§ **MATERIAL TO PROCESS**
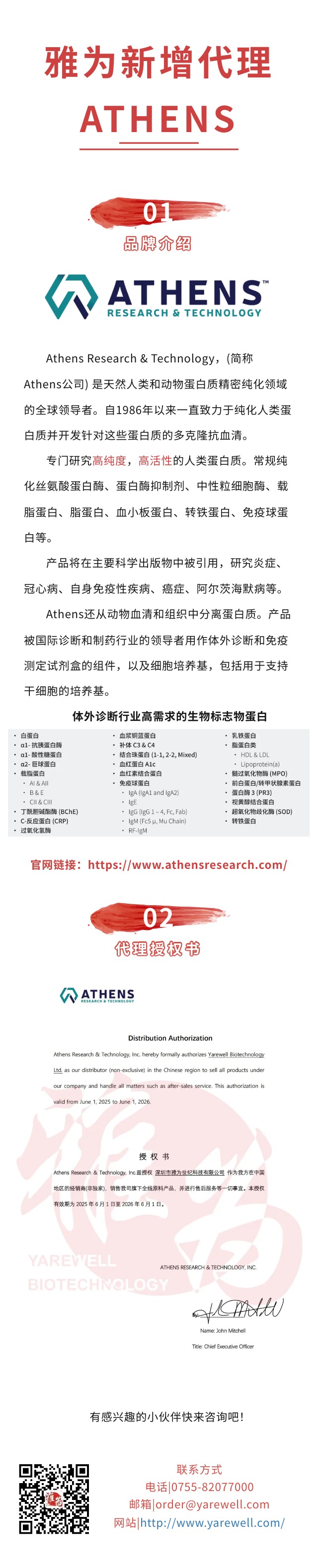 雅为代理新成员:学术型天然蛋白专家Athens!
--
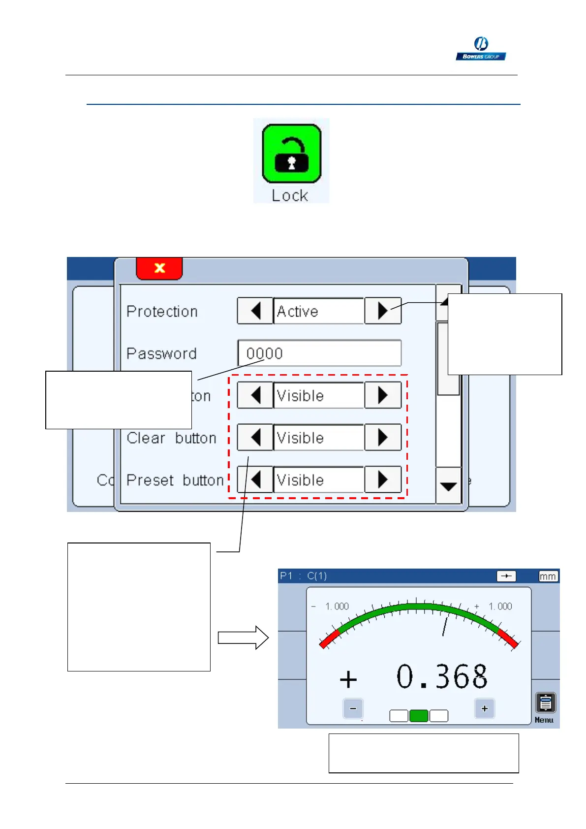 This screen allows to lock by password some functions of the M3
--
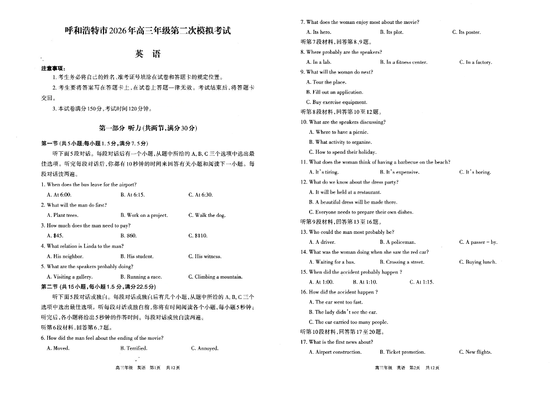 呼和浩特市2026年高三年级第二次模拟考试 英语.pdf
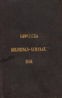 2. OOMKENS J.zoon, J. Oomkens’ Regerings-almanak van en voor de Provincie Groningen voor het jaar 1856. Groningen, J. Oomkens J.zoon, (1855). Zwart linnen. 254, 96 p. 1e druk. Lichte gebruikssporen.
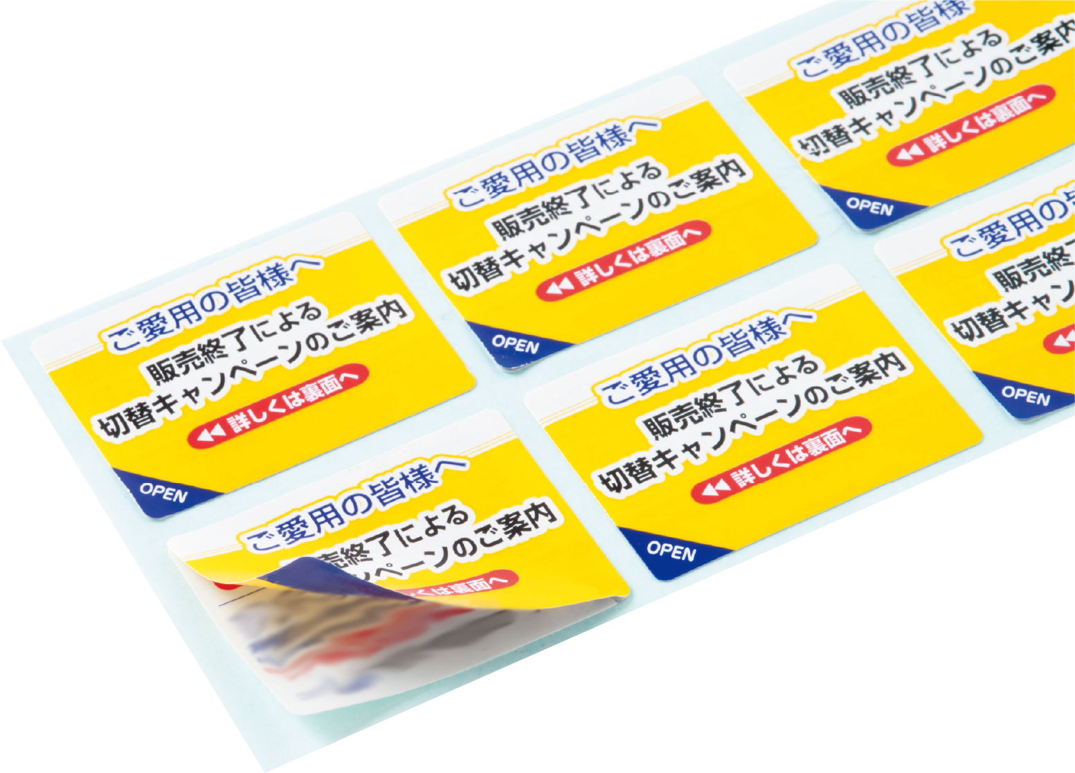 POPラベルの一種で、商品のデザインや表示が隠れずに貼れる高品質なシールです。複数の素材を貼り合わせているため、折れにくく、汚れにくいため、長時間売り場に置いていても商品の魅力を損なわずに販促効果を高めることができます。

§ **REQUIRED ACTION**
Once the line with "呼和浩特市2026年高三年级第二次模拟考试 英语.pdf" is found above, print it and every line after it through the line with "POPラベルの一種で、商品の", exactly. Pictures stay out.

§ **OUTPUT BELOW**
 呼和浩特市2026年高三年级第二次模拟考试 英语.pdf
 2. OOMKENS J.zoon, J. Oomkens’ Regerings-almanak van en voor de Provincie Groningen voor het jaar 1856. Groningen, J. Oomkens J.zoon, (1855). Zwart linnen. 254, 96 p. 1e druk. Lichte gebruikssporen.
 POPラベルの一種で、商品のデザインや表示が隠れずに貼れる高品質なシールです。複数の素材を貼り合わせているため、折れにくく、汚れにくいため、長時間売り場に置いていても商品の魅力を損なわずに販促効果を高めることができます。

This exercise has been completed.